Existential crises are becoming common. Friends tend to distract me enough to not over think what it means to be me. Forgive my depressed ramblings and heavy heart. I just feel alone sometimes and I just want someone else to know about it. I’m fine; I always am.

I think the previously posted poem Hiking At Kennicott will either will be edited to be shorter or fleshed out to be an essay. I like it, but it is almost begging to be prose. I find myself rather blocked this week. Perhaps it has been the turmoil this past week seems to be in. Things are in disarray. It causes me to not want to face myself and I slink into my corner and pretend I don’t want to write. In reality, nothing would bring me greater joy in difficult times.
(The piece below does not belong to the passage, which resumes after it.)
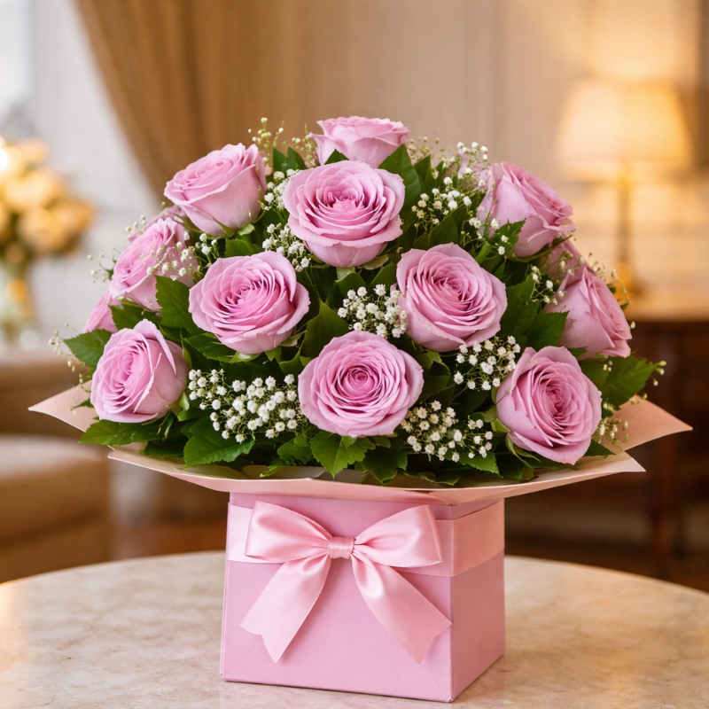 Softly accented with delicate romantic fillers and presented in an elegant box arranged in water for lasting freshness, the Dreamy Dozen is a ready-to-display floral gift that adds grace and charm to any celebration.

Facing myself always seems to convince me that I like me more than I thought and still troubles me because I don’t understand how I can still be alone. I’m feeling rather desperate to have what those around me have and desperation causes foolishness. I hope I can keep the antics at bay. In the meantime, I’ll risk a poem on here that could potentially offend those mentioned in it. It is about three people I love a great deal — a family of sorts. Like all families, it is the quirks of individuals that sometimes receive the focus. It rarely means that those quirky people are thought of any less.
I got out of Anchorage for nearly three days. David, Daniel, Denis, & I took a trip to McCarthy & Kennecott in the Copper River Basin. Kennecott is an old mining town that was abandoned in 1938. The trip was beautiful, therapeutic, and well-deserved by all of us.